Saturday, April 13, 2019

THE MISER


The Miser by Moliere.

Written in a modern translation by Justin Fleming. Directed by Peter Evans. Designer Anna Treagloan. Lighting designer. Matt Cox. Composer and Sound Designer . Max Lyandvert. Mpvement and fight director. Nigel Poulton. Voice and text coach. Jess Chambers. Bell Shakespeare Company. The Playhouse. Canberra Theatre Centre. April 12 to 20 2019. Bookings: www.canberra theatre centre.com.au 0r 62752700


Reviewed by Peter Wilkins

John Bell as Harpagon in Bell Shakespeare's The Miser
The Miser Harpagon stands alone, clutching and caressing his precious box of ten thousand gold crowns.  The lights fade on a sombre moment of puzzled realization after the four doors of the single walled set close behind him. It signals the final departure of his daughter  Elise, engaged to his maid Valére, and his son, Cleante, finally free to marry his ardent love, Mariane. 
Bell Shakespeare’s production of Moliere’s The Miser sparkles with wit and style. It’s a gem of a show, wickedly mischievous in its biting satire and furiously contemporary in Justin Fleming’s adaptation. Director Peter Evans, working ingeniously with designer Anna Tregloan’s  set of doors has turned this boldly modern version into farce with lightning entrances and exits to dazzle and delight. 
Seamus O’Shea as Signor Anselm, Harriet Gordon-
Anderson as Elise, Joanne Tovey as Valére, Elizabeth
Nabbin as Mariane, John Bell as Harpagon, Michelle
Doake as Francine and Russell Smith as the
Chief of Police in Bell Shakespeare’s The Miser.
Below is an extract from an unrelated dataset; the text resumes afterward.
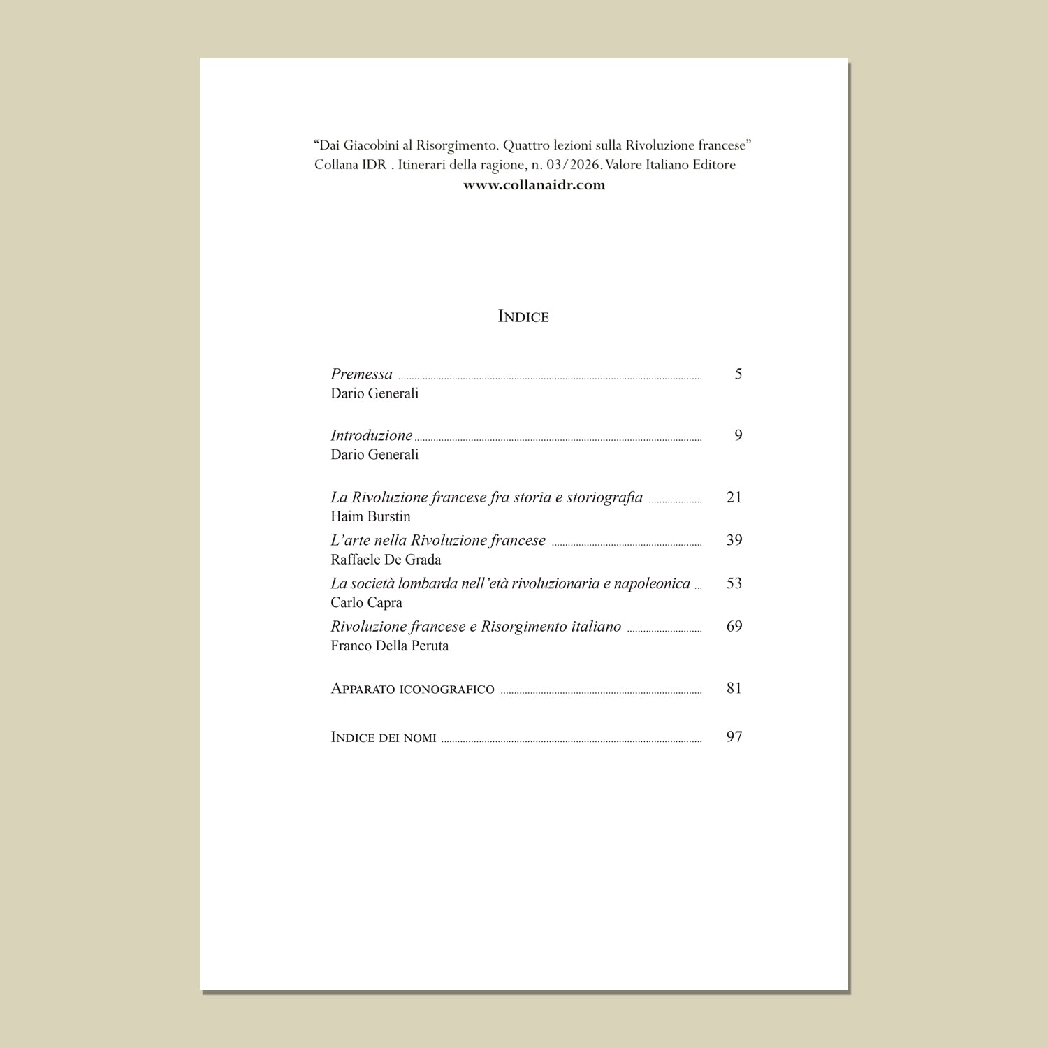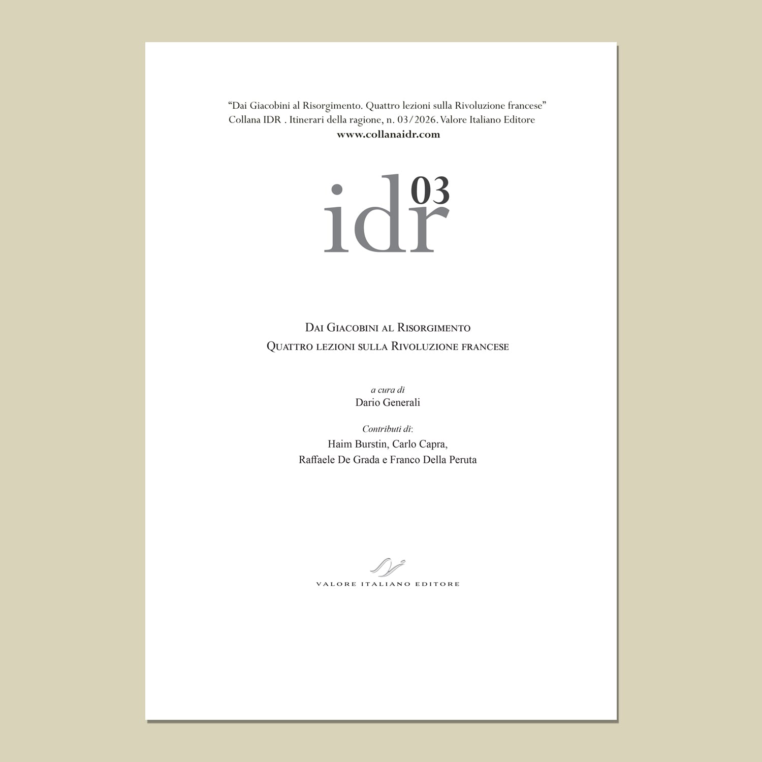 Generali, D. (a cura di) "Collana IDR "Itinerari della ragione", 03/2026. ISSN 3035-1731. Valore Italiano Editore, 2026. Sito ufficiale: www.collanaidr.com

A stellar cast, headed by the irrepressible John Bell, and under the fast and flashy direction of  Evans, revel in the spirit of classic Moliere. The stock characters, drawn from the traditional Commedia dell’ Arte are readily identifiable. John Bell as Commedia’s Pantalone, the crotchety, miserly patriarch makes a welcome return to the company that he founded thirty years ago. His slovenly unkempt entry in coarse singlet and trousers held up by braces over his stooped frame mark him as a man of poverty, belying his hidden wealth. His crackling, sharp as barbed wire accent is coarse, broad Australian and his demeanour spits vitriol. Bell’s performance, later transformed into an oozing, bewigged and sleazy suitor to Mariane (Elizabeth Nabbin) brilliantly epitomizes the lean and scrawny, mean spirited and avaricious nature of a Pantalone. The production is worth seeing for Bell’s transformative performance alone.

But that should in no way diminish the stellar performances of a cast that eagerly embrace the pace and pressure of playing farce. The characters leap from the Commedia tradition and the Moliere canon.  Each character is impeccably researched, and yet refreshingly modern, with an ipad toting Chief of Police (Russel Smith), while retaining the classical semblance of the bewigged    Signor Anselm , grandiosely played by Sean O’Shea or  the flamboyantly costumed Francine  played with excessive fervour and cunning by Michelle Doake as the wonderfully ebullient and  impetuous  Arlecchino character of the production.

Michelle Doake as Francine. Elizabeth Nabbin as
Mariane and Damien Strouthos as Cleante

The victims of this comedy of mixed messages and social manners are the lovers Cleante (Damien Strouthos) and Mariane. Fleming’s translation takes mischievous liberty with Moliere’s original by letting his idiomatic rhyme surprise with an opening lover’s tryst between Elise (Harriet Gordon Anderson) and Valére (Jessica Tovey), thus complicating the frantic deceptions even more. Cognisant  of the passing of three hundred and fifty years, Fleming lends his translation a feistier touch. Elise and Cleante, though firmly kept beneath their father’s niggardly will, are bolder in their retorts, children of will, aided and abetted by Francine and Valére against the forces of the bumbling clownish cook cum driver, Jamie Oxenbould. Bell Shakespeare’s The Miser draws out a more contemporary family conflict, yet with the universal rules of status that apply. It is what makes this production so immediately accessible.
All’s well that ends well for lovers and the like, though not for a man left bewildered and confused by his own vices. To discover the ending and the revelation that seals Harpagon’s ultimate fate, you will need to see this immaculately staged comedy. I will offer no spoilers other than to augur a happy ending. The Miser is rarely staged, and certainly not as Fleming’s sharp and hilarious version, or by a cast so attuned to the ridiculous and potentially perilous nature of the human condition, its frailties and its love.